J’y suis!

Ca y est, l’année commence ! Après quelques heures de voyages (plus de temps passé dans les zones de contrôle de sécurité que dans l’avion), j’ai pu m’installer dans ma chambre à New Arthur Place, juste au pied d’Holyrood Park (que je vois de ma fenêtre… Enfin, juste derrière un gros tas de poubelles.)

L’appart n’est pas très grand mais c’est plutôt bien fait, même si je me dit que cinq filles pour une seule salle de bain ça va finir par saigner… Résumons: la traversée d’Heathrow, c’est fait, la première tournée des pubs, c’est fait, la cérémonie d’accueil avec bagpipes à l’entrée, c’est fait… Reste à faire les courses, quoi.

Bibliobus

Il y a des périodes d’écriture et des périodes de lecture. J’arrête d’écrire, complètement, je n’y pense presque plus et la boulimie commence. En vrac:

– Le Carnet Noir; Ainsi saigne-t-il; Le jardin des Pendus de Ian Rankin. Je me suis lancée dans les enquêtes de l’inspecteur Rebus uniquement parce que l’action se passait à Edimbourg: ça me semblait un bon moyen pour avoir une première approche de la ville… Et j’ai accroché avec ce personnage de flic bougon (dit comme ça, ça ne parait pas spécialement original, et pourtant!), surtout dans le Carnet Noir. Même le méchant de l’histoire a son charme, et Rankin n’hésite pas à mêler des thèmes un peu plus intéressants à ses enquêtes, qu’il s’agisse du nazisme et de la responsabilité humaine ou des réseaux de prostitution partant de l’Est.

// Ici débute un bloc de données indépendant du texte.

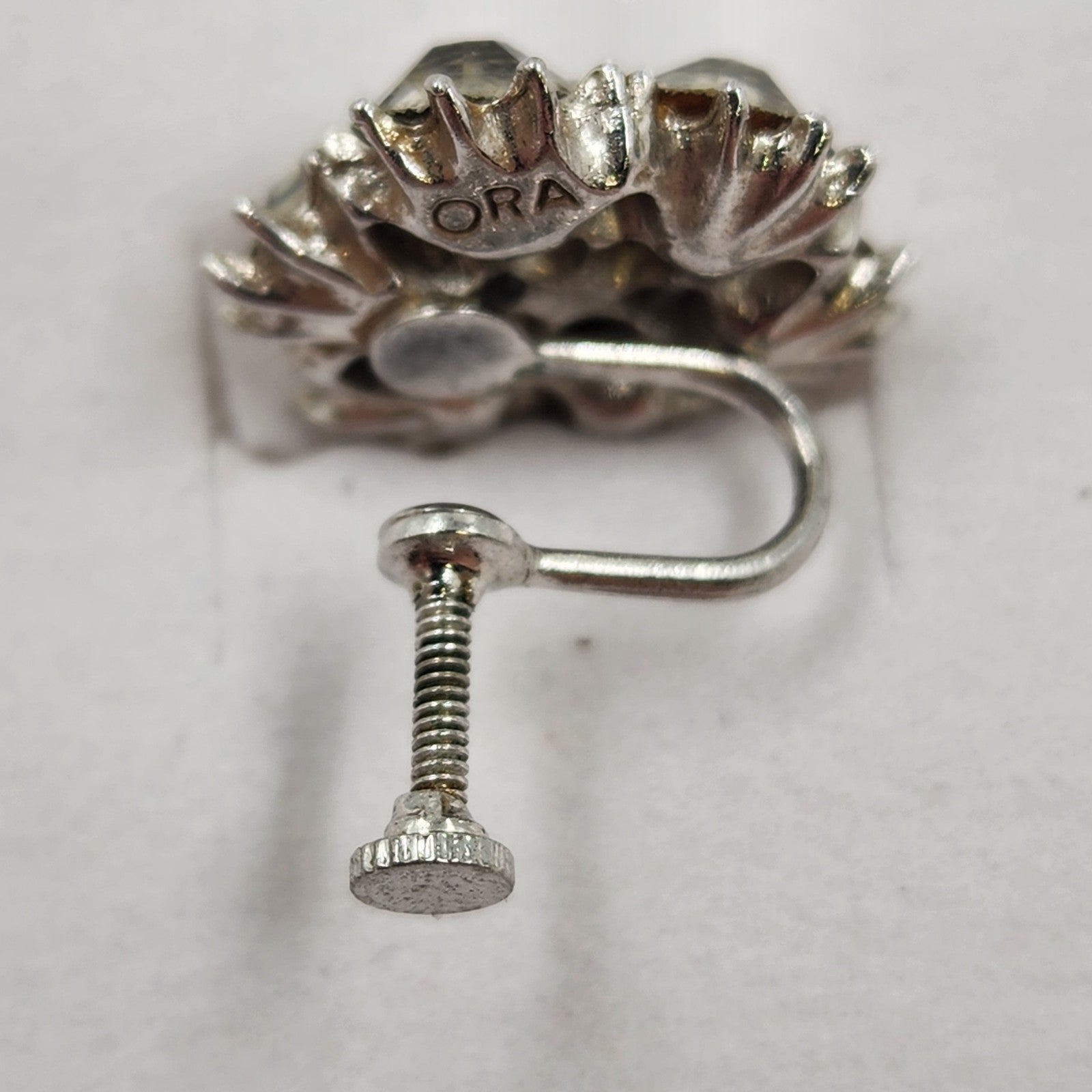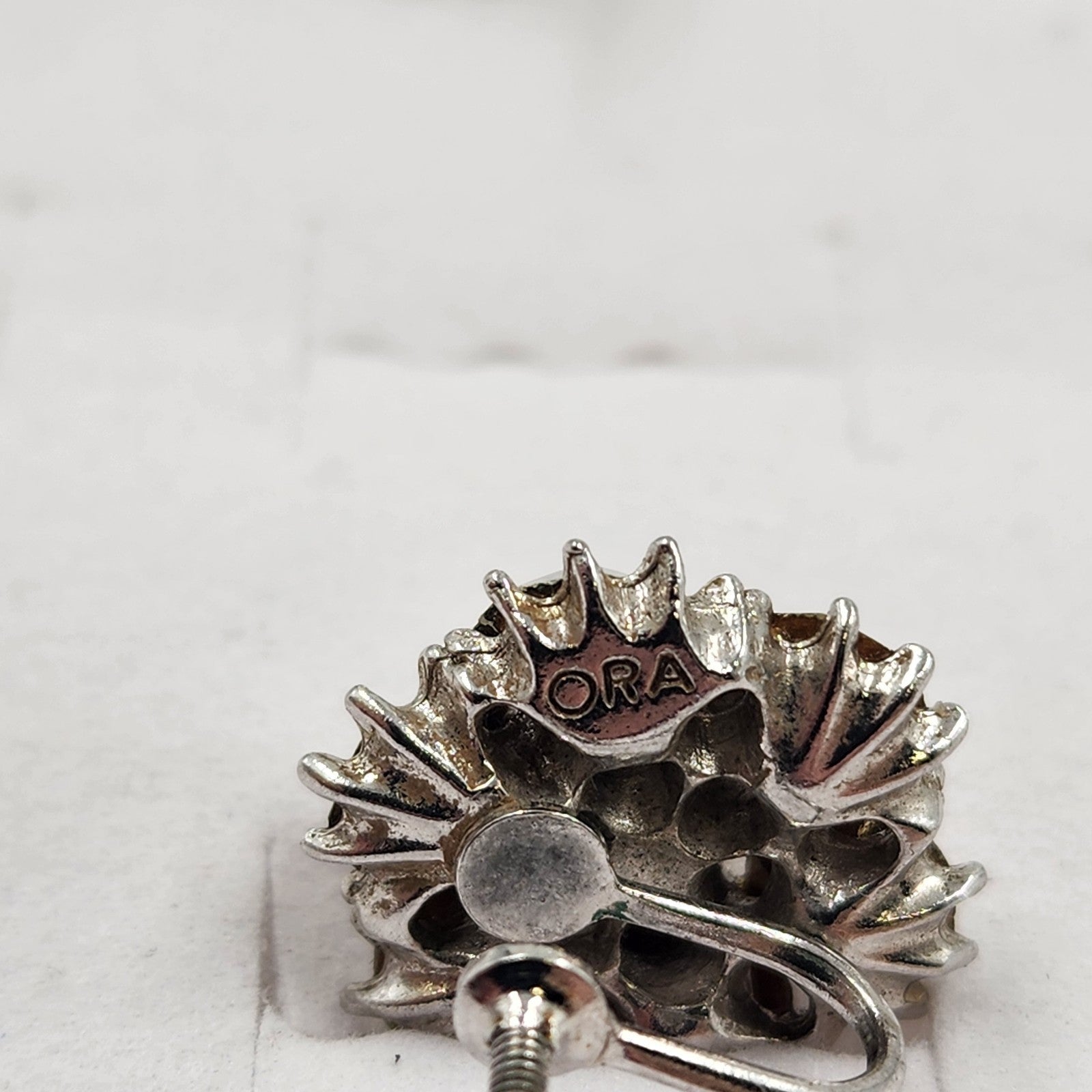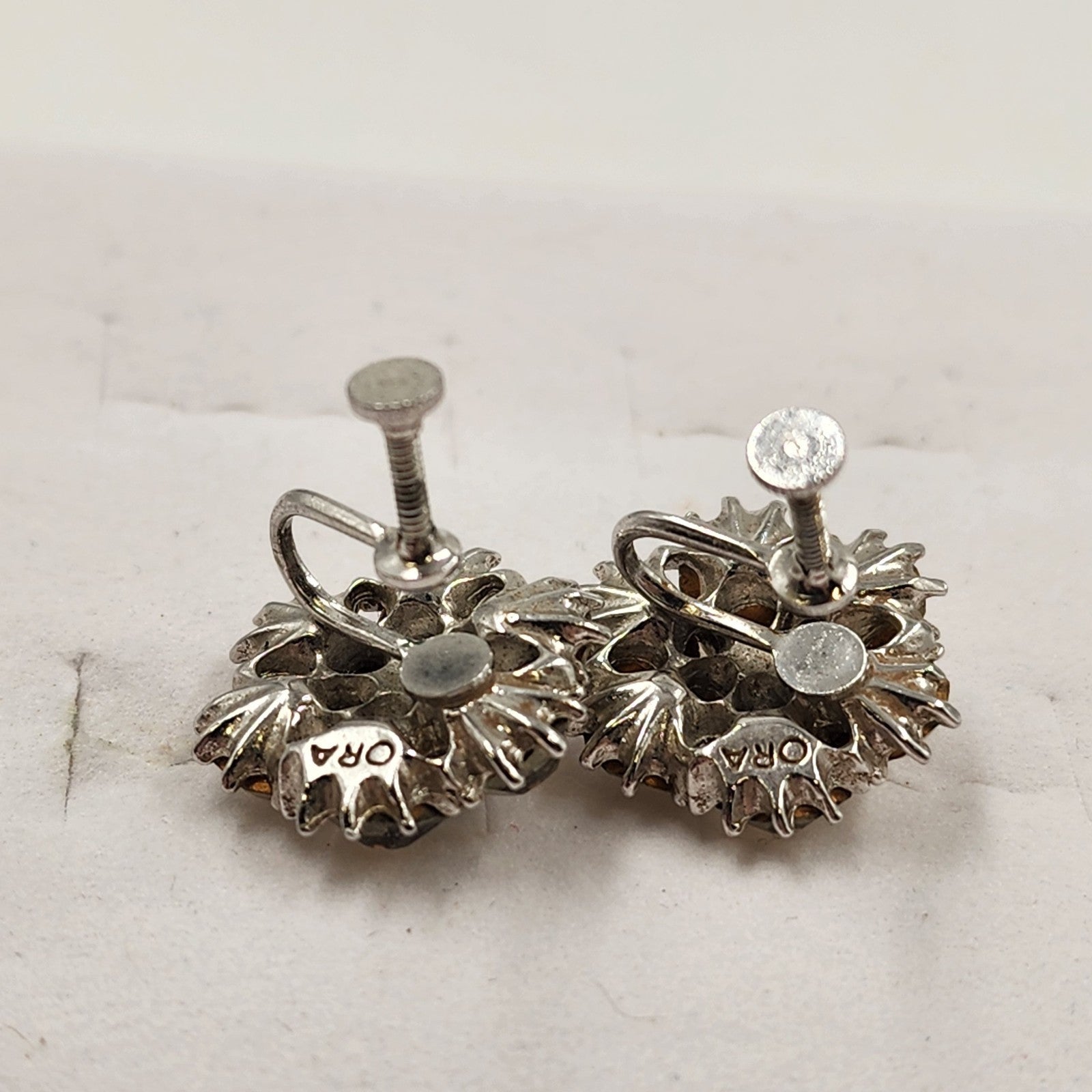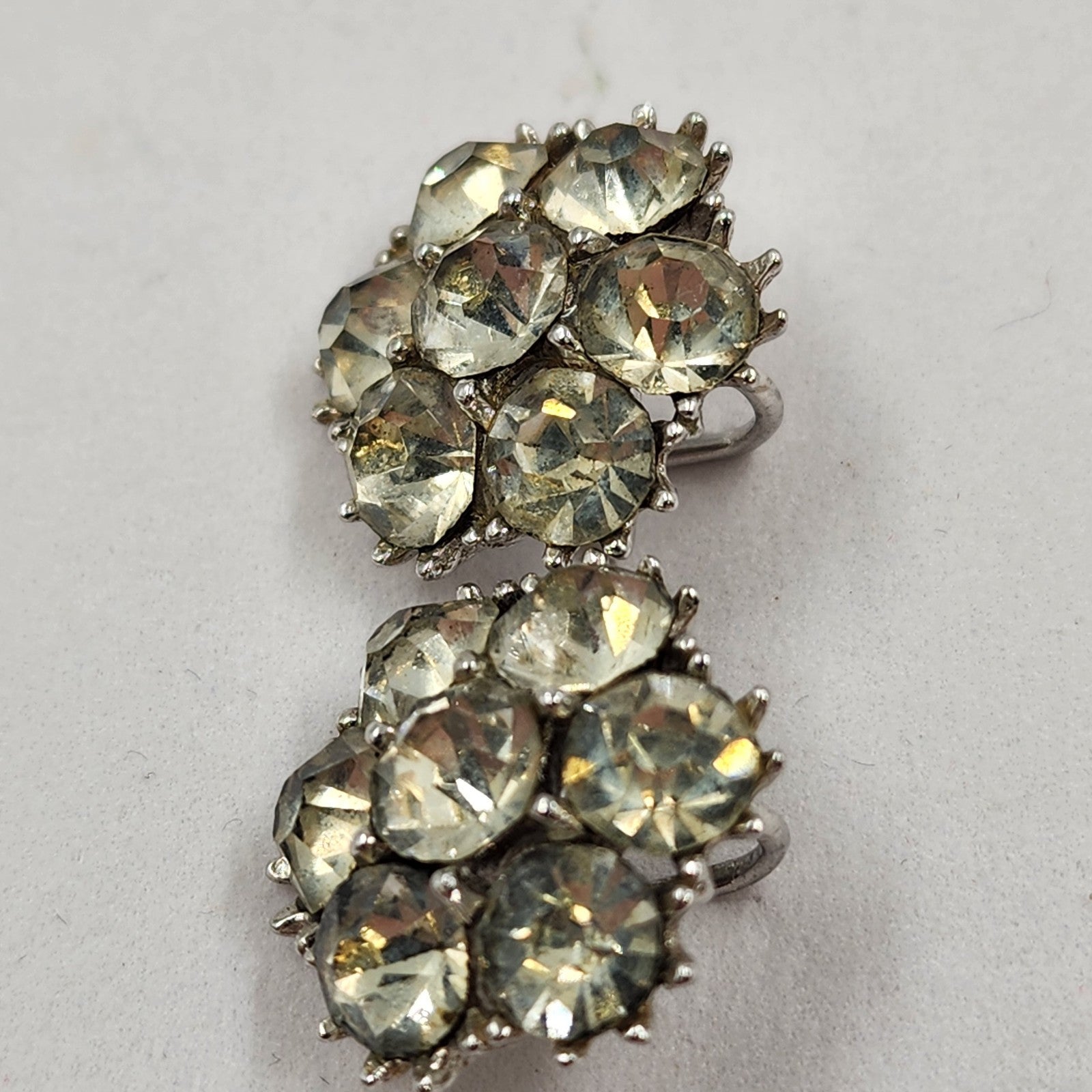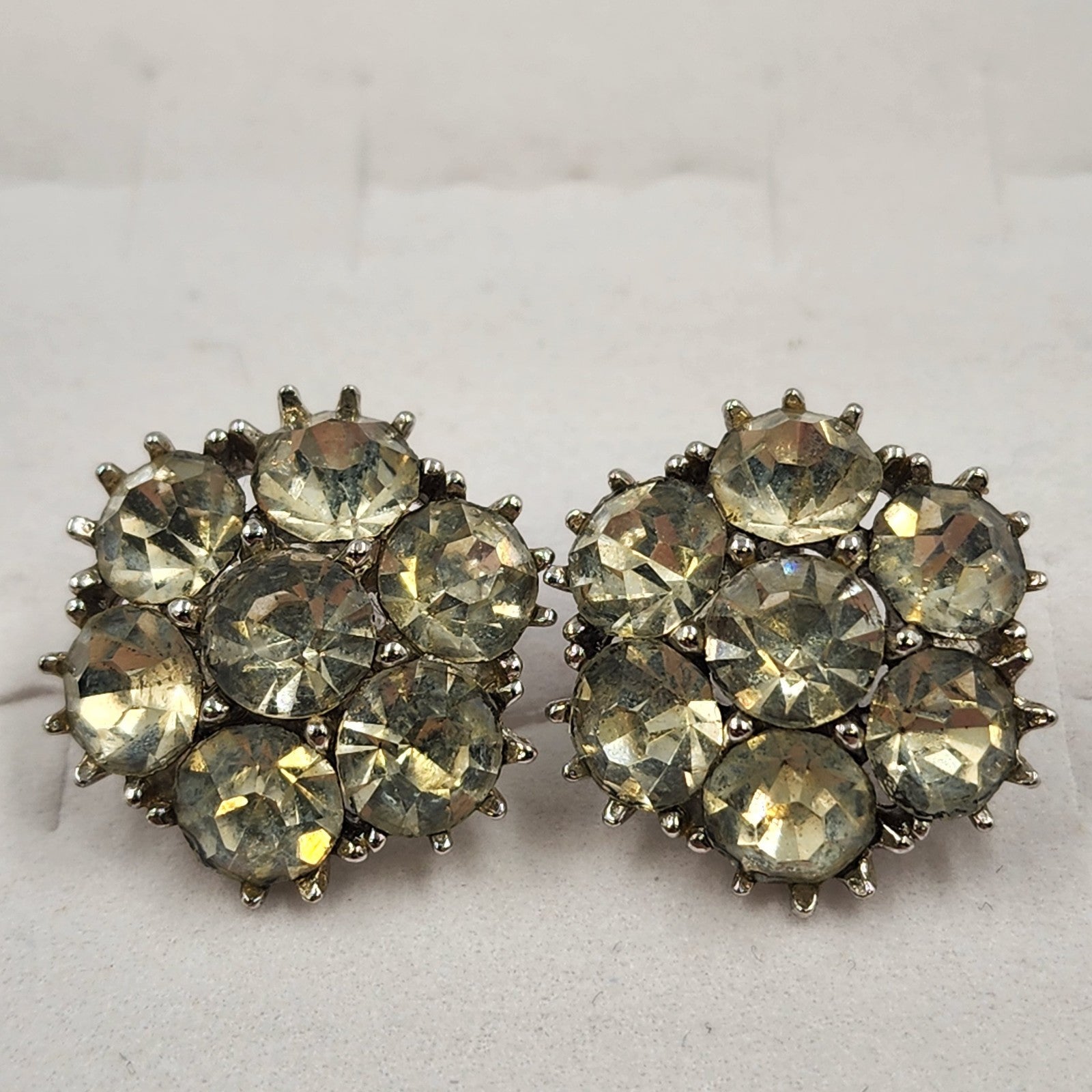 Elegant Silver Tone Clear Rhinestone Button Earrings Vintage Screw Back 0.75”

– Le clan des Otori, t4 Le vol du héron de Lian Hearn. Ayant lu les trois premiers tomes il y a assez longtemps, je ne m’en rappelais pas spécialement. Juste un bon souvenir sur l’atmosphère générale… Et pourtant, on se replonge aussitôt dans ce monde fantastique et japonisant, lequel se rapproche d’ailleurs un peu plus du Japon antique avec la mention des barbares aux noms portugais. Et la fin… Digne d’un drame oriental!

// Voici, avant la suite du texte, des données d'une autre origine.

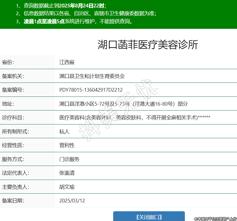 省份:江西省備案機關:湖口縣衛(wèi)生和計劃生育委員會備案編號:PDY78015-136042917D2212地址:湖口縣洋港小區(qū)5-72號及5-73號(洋港大道16-80號)部分診療科目:醫(yī)療美容科(含美容外科、美容皮膚科,不得開展全麻相關手術)******所有制形式:私人經(jīng)營性質(zhì):營利性服務方式:門診服務法定代表人:張鑒清主要負責人:胡文瑜備案日期:2025/03/12 -
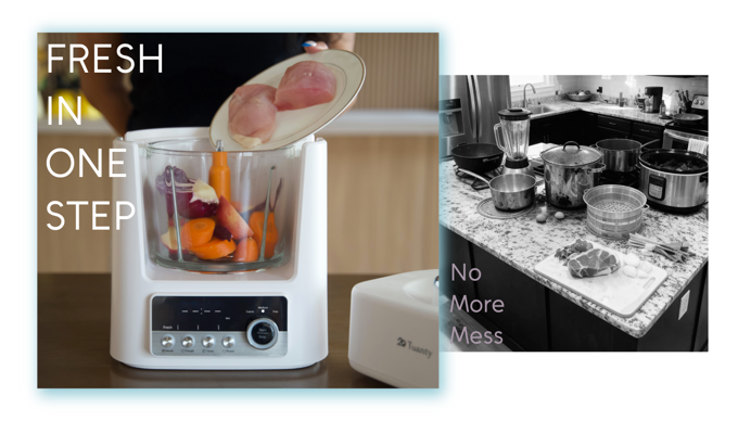 如果你曾为宠物烹制新鲜餐食,你知道那是个时间消耗战。需要蒸汽锅、搅拌机,清理更多。
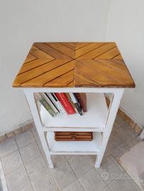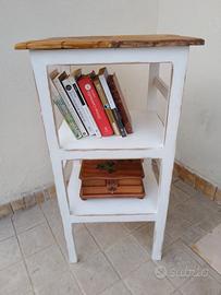 mobiletto in legno massello artigianale decape' 3 ripiani per bagno, ho piccala libreria,e altri usi,piano color legno e panna misure: altezza 87 cm lati 40x36. ritiro a Castelnuovo Vomano provincia Teramo Abruzzo

– Neverwhere de Neil Gaiman. La grosse découverte de ma pile de livres ! Un roman de fantasy urbaine se déroulant dans l’étrange Londres d’En Bas, où tout semble décousu et sorti du passé, et où les personnages ont des noms plus bizarres les u ns que les autres: Porte, Anesthésie, Sable… Sans oublier le génial marquis de Carabas. On en profite en plus pour se familiariser avec le métro de Londres dont toutes les stations donnent lieu à une nouvelle surprise: il y a des Moines Noirs à Blackfriars, un comte et sa cour à Earl’s Court, un ange à Angel… Et jamais la plume de l’auteur ne se départit de son humour, même quand il s’agit des méchants, absolument uniques, autant par leur cruauté que par leur dégaine. J’avais vu le film Stardust (pas un grand chef d’oeuvre, il faut bien l’avouer), et ça ne m’avait pas vraiment donné envie de lire le livre, mais après avoir dévoré celui-ci et m’être rendue compte qu’il s’agissait du même auteur… Je le veux!!

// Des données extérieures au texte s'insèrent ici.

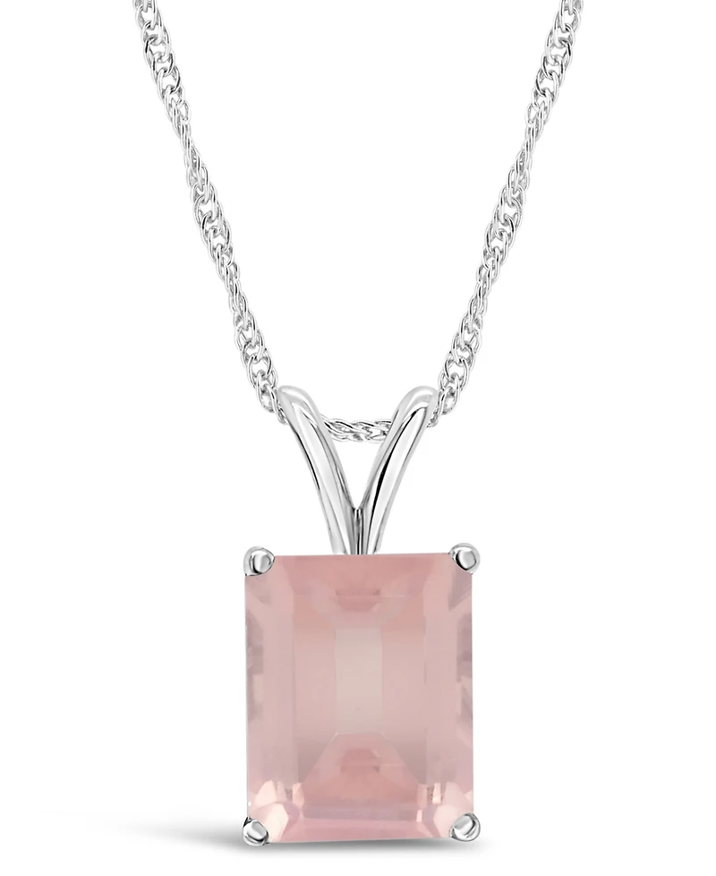 As enchanting and sophisticated as its namesake, this gorgeous emerald-cut pendant shimmers on a gleaming 18"" sterling silver Singapore chain. Available in Sky Blue Topaz and Rose Quartz

– Dernière Morsure, d’Ariane Fornia: Je ne suis pas fan de ce type d’écriture, un peu trop alambiquée à mon goût, mais au delà de cela, j’ai été plutôt surprise par ce livre. Impossible de ne pas se reconnaître dans les portraits d’adolescents dressés par l’auteur, qui le fait avec un certain sens du détail et pas mal d’humour. Et je retiens encore plus le passage qui épingle les salons du livre: complètement vrai!!